O climatologista José Marengo, do Centro Nacional de Monitoramento e Alertas de Desastres Naturais (Cemaden), afirma que o Pantanal não se recuperou depois da forte seca de 2019. Ele observa que tem chovido pouco no verão, época úmida, e reitera que a vazão dos rios diminuiu. “As secas deste ano e do próximo podem ser piores ainda”, alerta.
José verificou que o nível do rio Paraguai nas cidades de Ladário e Porto Murtinho, ambas em Mato Grosso do Sul, está próximo da mínima histórica, com base em dados do Cemaden, da Marinha do Brasil e da Agência Nacional de Águas e Saneamento Básico (ANA). Além disso, a temperatura cada vez mais alta aumenta o risco de alastramento do fogo, que segundo o climatologista geralmente começa pela ação humana. “O fogo é usado na agricultura, para limpar o terreno, e se propaga por causa do calor e da seca.”
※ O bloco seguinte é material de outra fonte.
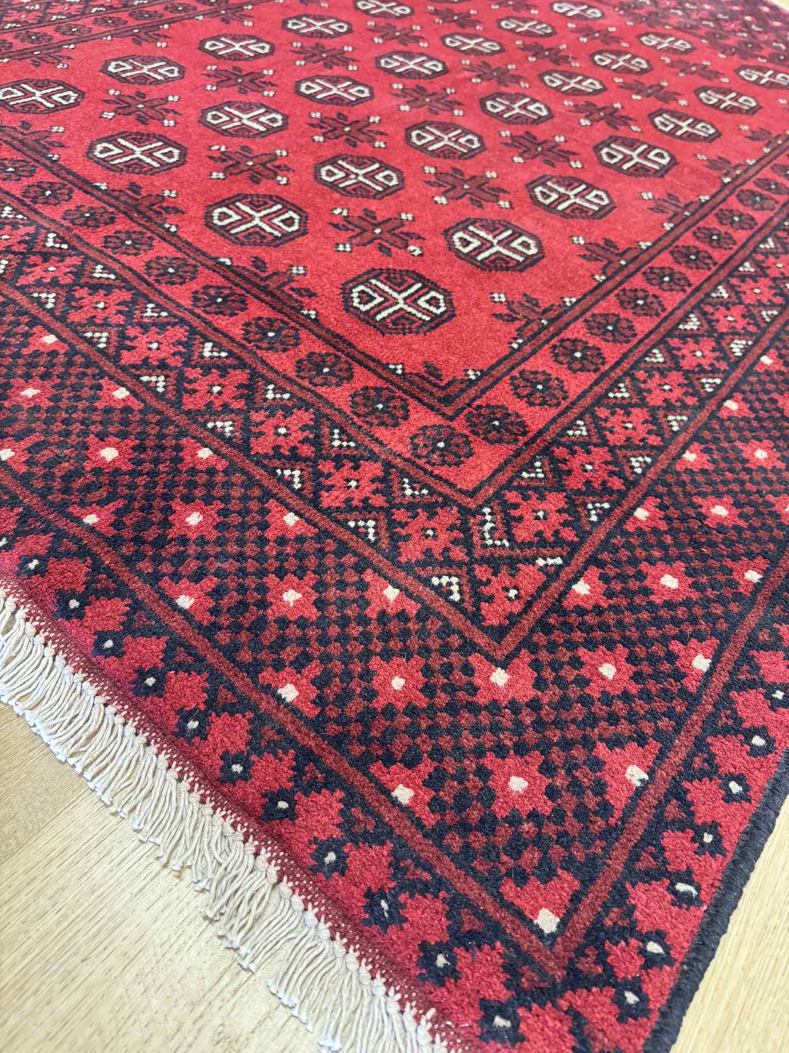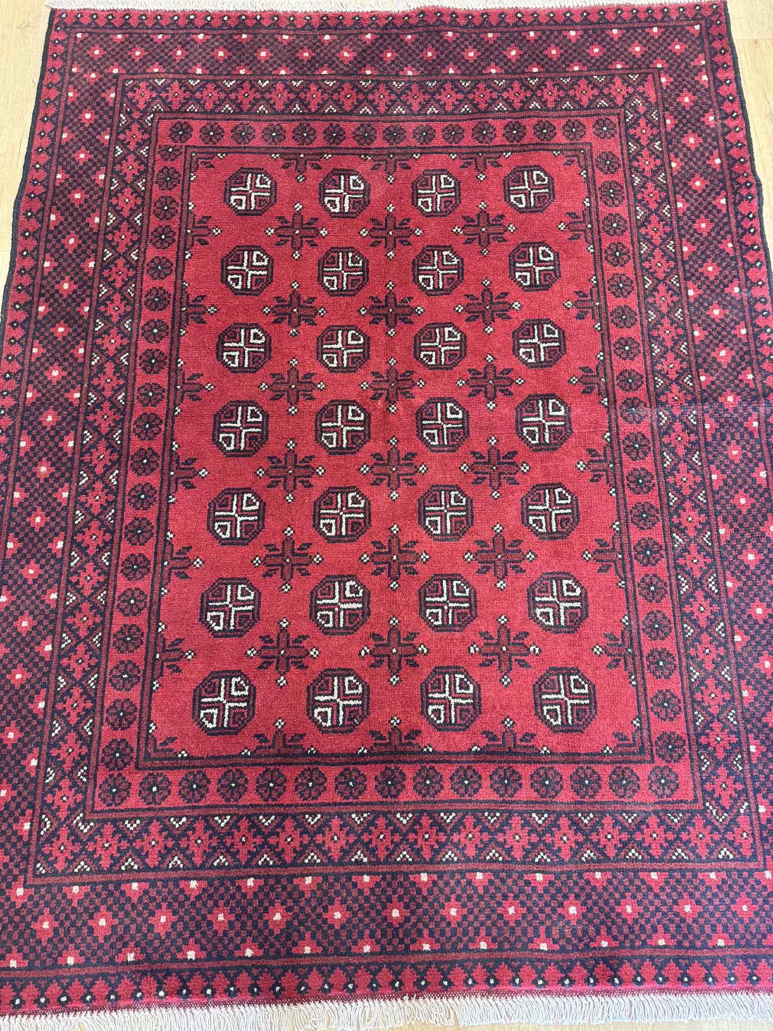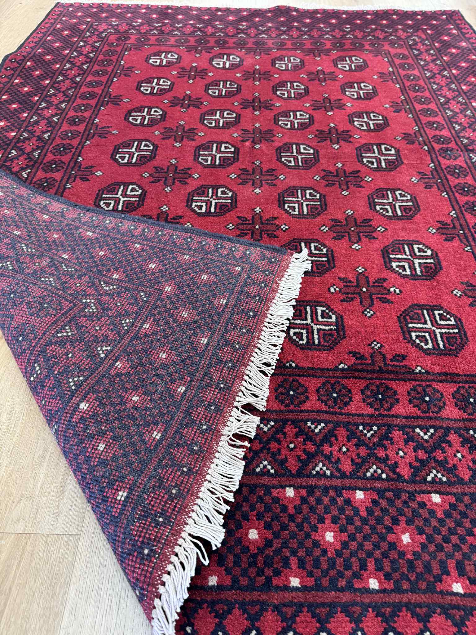 Hand-knotted in Aqcha, Afghanistan, this tribal rug embodies the bold symmetry and geometric precision of Afghan weaving. Its repeat medallion layout features octagonal guls arranged in a structured grid, surrounded by smaller motifs resembling stars or crosses, all set against a deep crimson field.
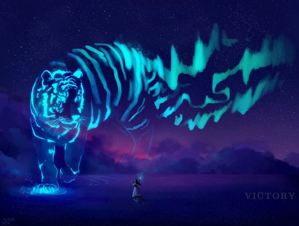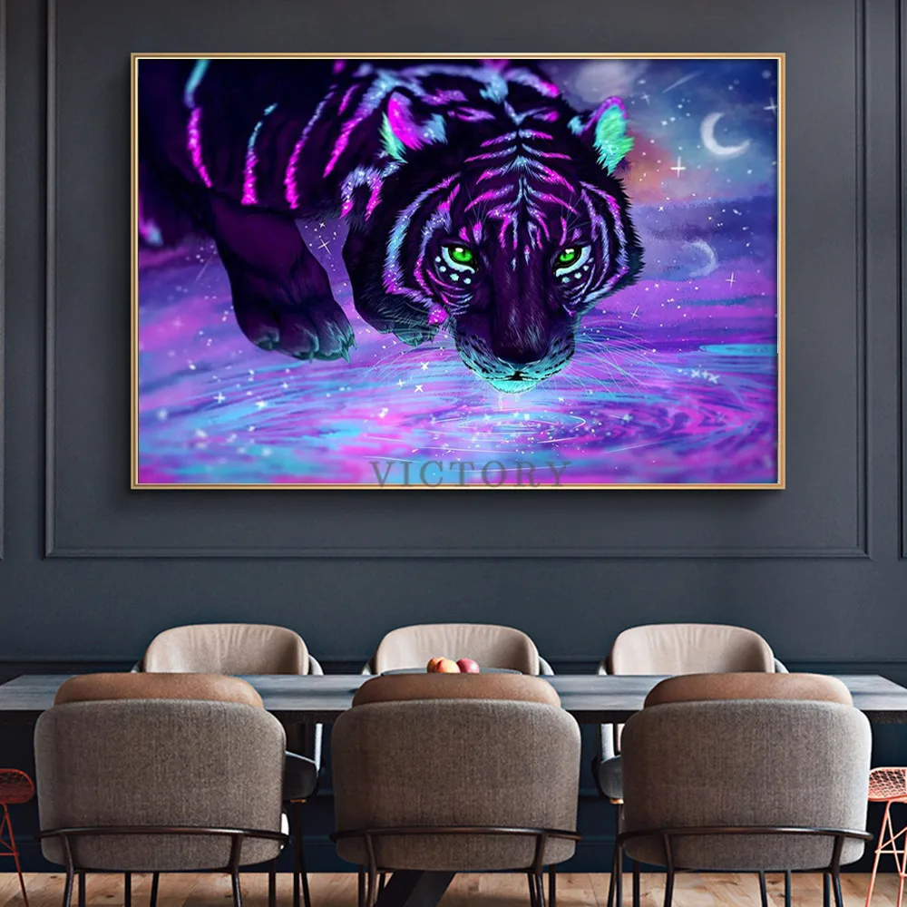 Современная флуоресцентная картина тигра в скандинавском стиле, нас...

O aumento dos focos de incêndio no Pantanal segue uma tendência mundial, segundo artigo publicado em 24 de junho na revista científica Nature Ecology and Evolution. O estudo mostra que a quantidade de incêndios no mundo dobrou entre 2003 e 2023, com seis eventos extremos nos últimos sete anos, principalmente no Canadá, nos Estados Unidos e na Rússia, de acordo com dados de satélite.
Artigos científicos
- BARDALES, R. et al. Neotropical mammal responses to megafires in the Brazilian Pantanal. Global Change Biology. v. 30, n. 4. 24 abr. 2024.
- CUNNINGHAM, C. X. et al. Increasing frequency and intensity of the most extreme wildfires on Earth. Nature Ecology and Evolution. On-line. 24 jun. 2024.
- MAGIOLI, M. et al. Forest type modulates mammalian responses to megafires. Scientific Reports. On-line. 12 jun. 2024.